→ **Goal of the exercise**
If a line of the data below contains the string "refugee", copy it into your answer.

→ **Data shown**
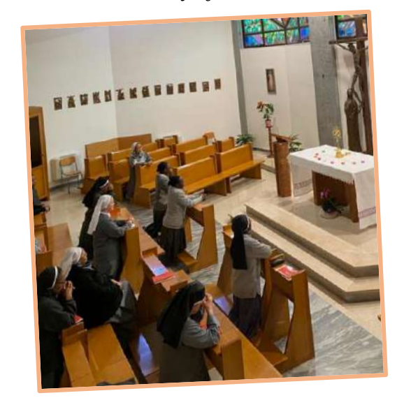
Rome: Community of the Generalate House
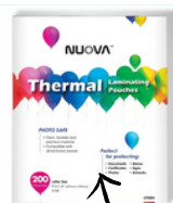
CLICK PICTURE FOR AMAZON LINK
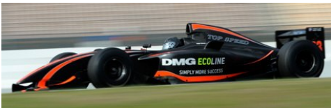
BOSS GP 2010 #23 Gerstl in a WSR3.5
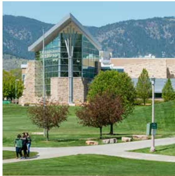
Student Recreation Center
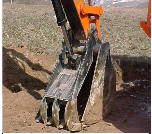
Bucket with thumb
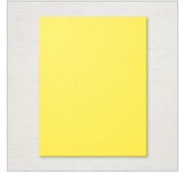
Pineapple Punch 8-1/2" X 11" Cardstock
==
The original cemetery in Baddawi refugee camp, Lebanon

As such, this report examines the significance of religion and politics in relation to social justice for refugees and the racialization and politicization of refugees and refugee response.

→ **Result for this task**
The original cemetery in Baddawi refugee camp, Lebanon
As such, this report examines the significance of religion and politics in relation to social justice for refugees and the racialization and politicization of refugees and refugee response.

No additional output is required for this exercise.